Table 1. Significant transcriptional master regulators (TMRs) of the Kbhb programme in Basal BRCA.
Regulator NES TCGA NES METABRIC NES Meta FDR Biological Relevance
CENPA +2.97 +3.46 +4.55 0.0004 Centromeric histone H3 variant. Overexpressed in cancer and linked to genome instability, kinetochore function and cell-cycle progression; consistent with overlap between the Kbhb programme and chromosomal machinery. [19,20]

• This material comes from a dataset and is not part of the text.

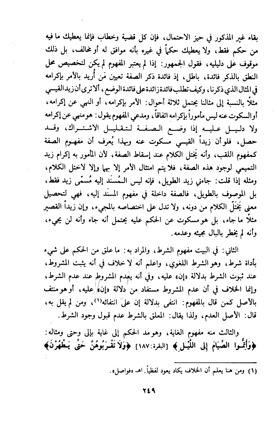 بَقَاء غير الْمَذْكُور فِي حيّز الِاحْتِمَال فَإِن كل قَضِيَّة وخطاب فَإِنَّمَا يعطيك مَا فِيهِ من حكم فَقَط وَلَا يعطيك حكما فِي غَيره بِأَنَّهُ مُوَافق لَهُ أَو مُخَالف بل ذَلِك مَوْقُوف على دليليه فَقَوْل الْجُمْهُور إِذا لم يعْتَبر الْمَفْهُوم لم يكن لتخصيص مَحل النُّطْق بِالذكر فَائِدَة بَاطِل إِذْ فَائِدَة ذكر الصّفة تعْيين من أُرِيد بِالْأَمر بإكرامه فِي الْمِثَال الَّذِي ذكرنَا وَكَيف تطلب فَائِدَة زَائِدَة على فَائِدَة الْوَضع أَلا ترى أَن زيد الْقَيْسِي مثلا بِالنِّسْبَةِ إِلَى مثالنا يحْتَمل ثَلَاثَة أَحْوَال الْأَمر بإكرامه أَو النَّهْي عَن إكرامه أَو السُّكُوت عَنهُ لَيْسَ مَأْمُورا بإكرامه اتِّفَاقًا ومدعي الْمَفْهُوم بقول هُوَ مَنْهِيّ عَن إكرامه وَلَا دَلِيل عَلَيْهِ إِذا وضع الصّفة لتقليل الِاشْتِرَاك وَقد حصل فَلَو أَن زيدا الْقَيْسِي مسكوت عَنهُ وَبِهَذَا يعرف أَن مَفْهُوم الصّفة كمفهوم اللقب وَأَنه يخْتل الْكَلَام عِنْد إِسْقَاط الصّفة لِأَن الْمَأْمُور بِهِ إكرام زيد التَّمِيمِي لوُجُود هَذِه الصّفة فَلَا يتم امْتِثَال الْأَمر إِلَّا بهما وَإِلَّا لاختل الْكَلَام وَمثله إِذا قلت جَاءَنِي زيد الطَّوِيل فَإِنَّهُ لَيْسَ الْمسند إِلَيْهِ مُسَمّى زيد فَقَط بل الْمَوْصُوف بالطويل فالصفة دَاخِلَة فِي مَفْهُوم الْمسند إِلَيْهِ فَهِيَ لتَحْصِيل معنى يخْتل الْكَلَام من دونه وَلَا تدل على اخْتِصَاصه بالمجيء وَإِن زيدا الْقصير مثلا مَا جَاءَ بل هُوَ مسكوت عَن الحكم عَلَيْهِ يحْتَمل أَنه جَاءَ وَأَنه لن يَجِيء وَأَنه لم يخْطر بالبال مَجِيئه وَعَدَمه

FOXM1 +2.70 +3.33 +4.27 0.0007 Master regulator of G2/M progression. Well-documented oncogene in breast cancer/TNBC; FOXM1 has been linked experimentally to CENPA-dependent TNBC proliferation, migration and glycolysis, and to centrosome/cell-cycle programmes. [21,22,23]
HMGA1 +2.38 +2.60 +3.52 0.011 Chromatin architectural protein. Promotes oncogene transcription and tumour progression in TNBC, with roles in stem-like phenotypes, migration/invasion and cell-cycle/histone-gene regulation. Sole TMR that is also a concordantly upregulated Kbhb substrate. [24,25,26]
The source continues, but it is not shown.